Provided data:
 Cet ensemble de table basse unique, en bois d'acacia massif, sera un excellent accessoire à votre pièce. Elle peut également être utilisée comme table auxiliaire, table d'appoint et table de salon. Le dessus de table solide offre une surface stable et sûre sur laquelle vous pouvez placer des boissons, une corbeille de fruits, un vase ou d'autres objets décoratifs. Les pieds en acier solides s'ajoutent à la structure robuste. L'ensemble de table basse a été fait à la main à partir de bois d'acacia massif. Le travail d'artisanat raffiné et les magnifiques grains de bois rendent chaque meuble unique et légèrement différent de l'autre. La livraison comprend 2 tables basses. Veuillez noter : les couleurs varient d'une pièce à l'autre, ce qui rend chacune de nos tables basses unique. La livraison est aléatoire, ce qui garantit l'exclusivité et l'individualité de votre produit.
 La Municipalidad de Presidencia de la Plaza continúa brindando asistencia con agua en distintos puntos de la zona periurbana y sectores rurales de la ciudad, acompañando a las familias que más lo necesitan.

---

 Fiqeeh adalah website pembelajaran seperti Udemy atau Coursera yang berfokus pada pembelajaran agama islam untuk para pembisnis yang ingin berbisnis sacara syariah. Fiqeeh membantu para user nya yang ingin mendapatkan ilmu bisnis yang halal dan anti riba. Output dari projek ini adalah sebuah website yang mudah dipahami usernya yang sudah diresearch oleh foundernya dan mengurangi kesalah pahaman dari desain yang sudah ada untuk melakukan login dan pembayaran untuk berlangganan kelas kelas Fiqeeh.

---

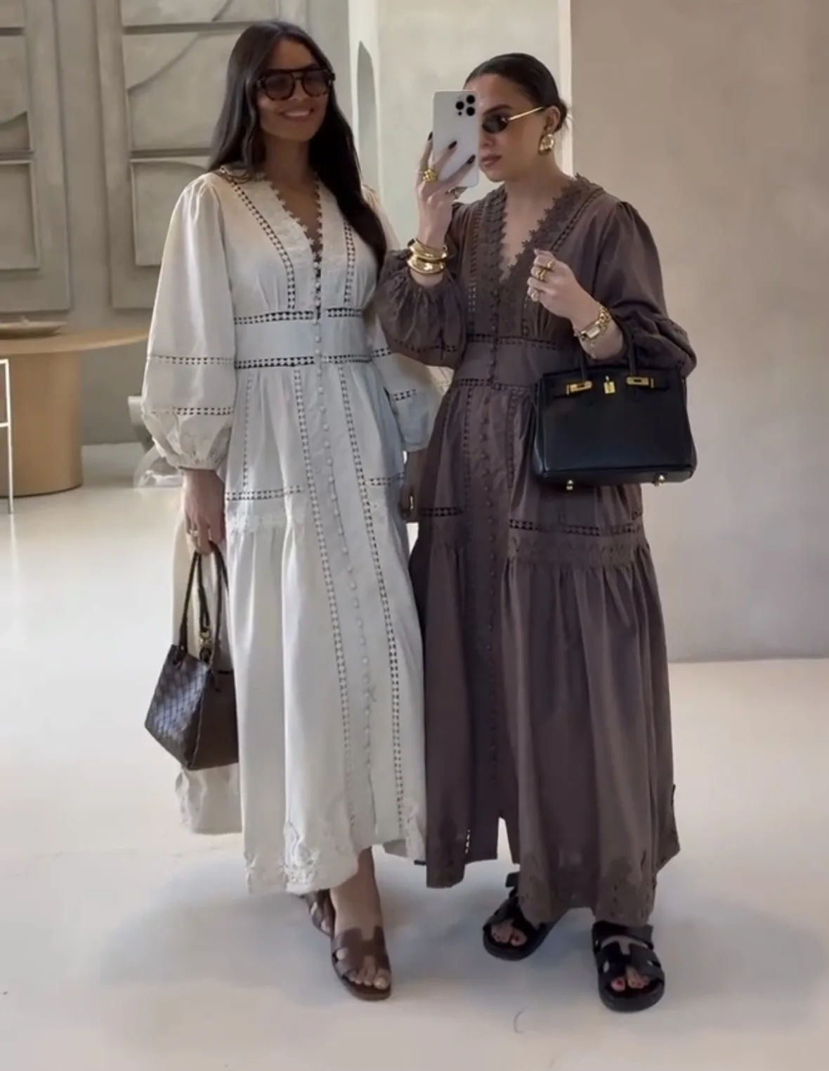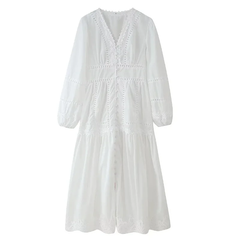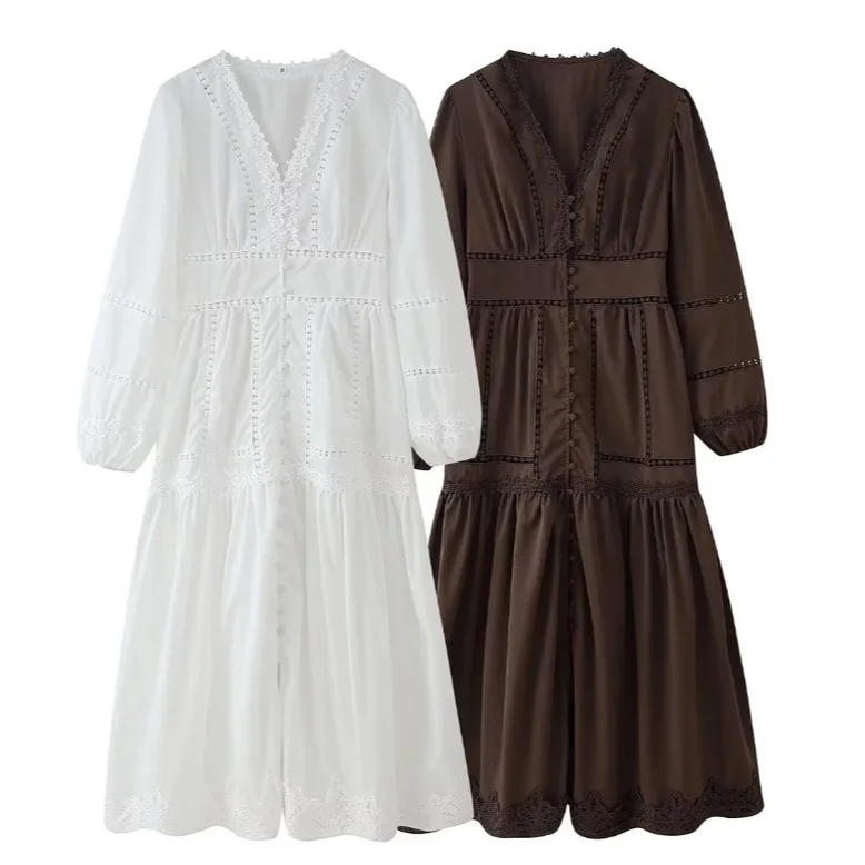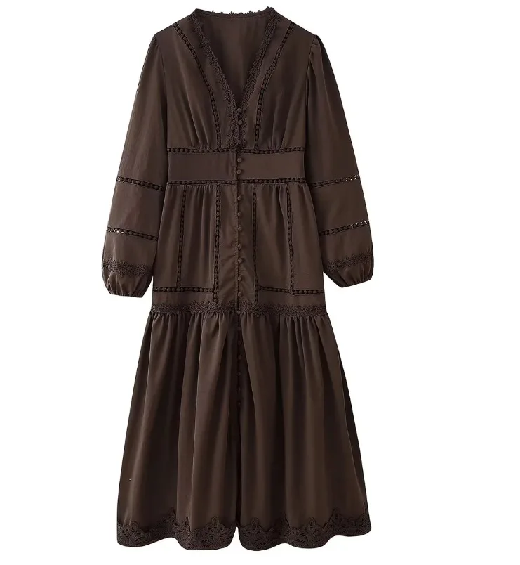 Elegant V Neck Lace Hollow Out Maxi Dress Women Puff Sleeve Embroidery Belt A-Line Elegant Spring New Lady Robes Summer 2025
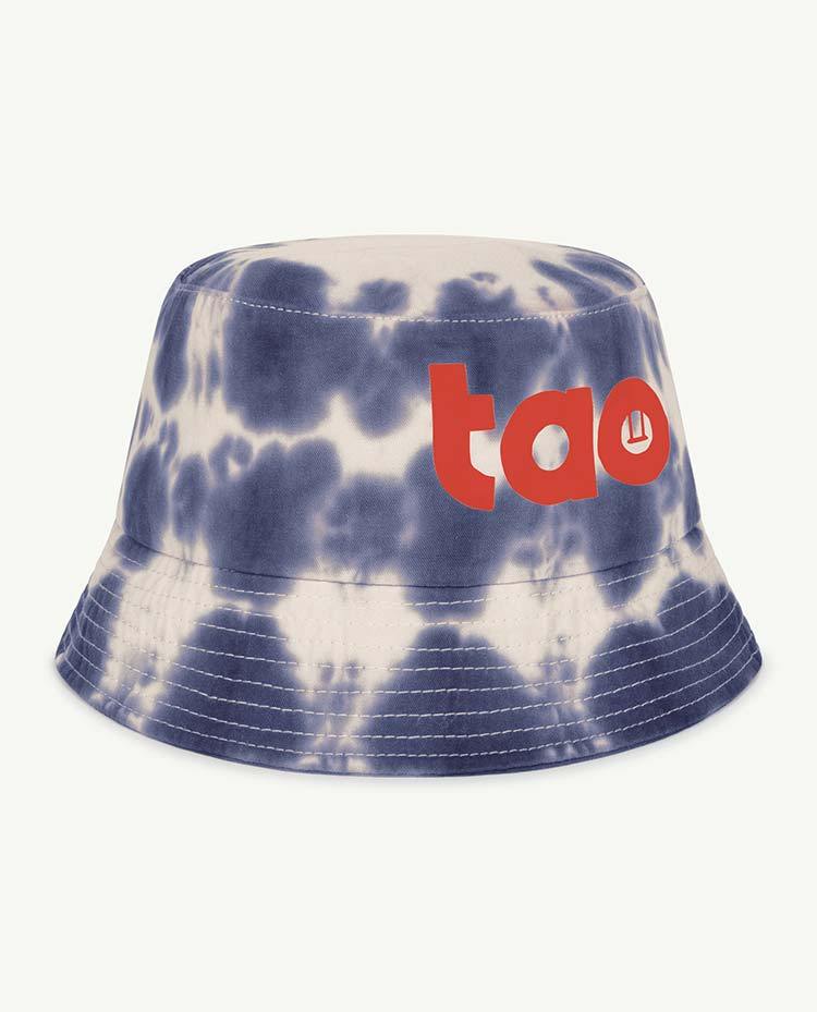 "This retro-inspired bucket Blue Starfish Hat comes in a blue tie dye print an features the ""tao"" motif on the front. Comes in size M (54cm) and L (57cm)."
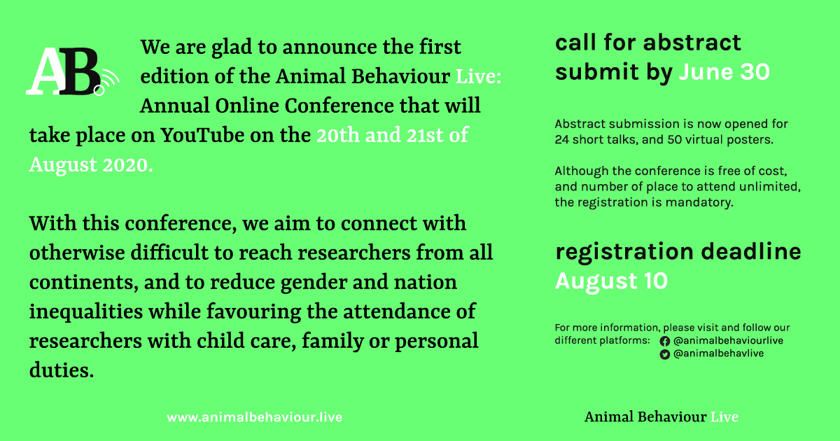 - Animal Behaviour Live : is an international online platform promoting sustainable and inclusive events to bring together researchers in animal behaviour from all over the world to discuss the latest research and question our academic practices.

Exercise description:
Leaving each picture behind, please give again exactly the lines above from the one with "Elegant V Neck" through the one with "- Animal Behaviour", both included, and no others.

Output below:
 Elegant V Neck Lace Hollow Out Maxi Dress Women Puff Sleeve Embroidery Belt A-Line Elegant Spring New Lady Robes Summer 2025
 "This retro-inspired bucket Blue Starfish Hat comes in a blue tie dye print an features the ""tao"" motif on the front. Comes in size M (54cm) and L (57cm)."
 - Animal Behaviour Live : is an international online platform promoting sustainable and inclusive events to bring together researchers in animal behaviour from all over the world to discuss the latest research and question our academic practices.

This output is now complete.